At the school, Jam is placed in an exclusive, invite-only “special topics” English class with an intimate handful of other students. They study Sylvia Plath (hence the wordplay between The Bell Jar and Belzhar) the entire semester, and like Plath, must make regular journal entries throughout. These journals come with a special ability to help the students process their grief and pain in a very unique way.

Throughout the book, I was interested in the story, but had to keep taking two-second reading breaks to roll my eyes. I really dislike romances where the characters don’t show me how they have a long-term sustainable relationship based on something other than, “I just knew it,” or “We had a special connection.” I couldn’t get past how Jam was so in love with a guy that she knew for approximately a month, and whom we as the reader know nothing about besides she thinks he’s hot.

I’m glad I kept reading, however (full disclosure: until 3am). The author, Meg Wolitzer, is not a bad writer of romances, and everything made sense in such a clear way in the end. It’s one of those endings that makes you think back and remember all the clues and hints that were dropped along the way. Like, “Duh, dumb Alisa, why didn’t you pay more attention!?”

As the book progresses, Jam begins another relationship with a guy at the boarding school. She struggles with feeling like she is cheating on the dead British bloke, but Wolitzer makes an elegant contrast between the ways the two different guys treat Jam.

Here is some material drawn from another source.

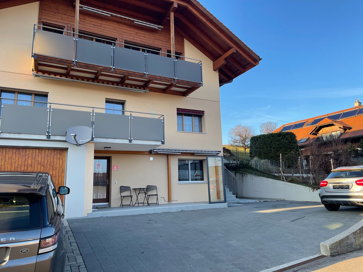 Bienvenidos a nuestro acogedor y bien equipado alojamiento en una zona tranquila cerca de Fribourg. Nuestra casa ofrece el punto de partida perfecto para excursiones a las tierras altas de Fribourg y las ciudades cercanas. A solo 20 minutos del centro de Friburgo, desde aquí puedes explorar la ciudad de manera rápida y sencilla. Al mismo tiempo, estarás rodeado de hermosas zonas recreativas que te invitan a relajarte y disfrutar de la naturaleza.

It’s not in-your-face and preachy, like some authors that are new to the YA club tend to be. The ongoing comparisons are quiet and demure, yet I think that it could help out a reader who is wondering if their current relationship is healthy or not.

Despite my review’s focus on the romances in the story, the Belzhar’s overall message isn’t about dating. All of the characters are trying to stay living in the past, and are missing out on the present as a consequence. The story is built to illustrate the problems of being too self-abrading with mistakes (hellooo, perfectionist self!), and left me with a powerful punch of one of my favorite self-affirmations: You cannot go back. You can only go forward.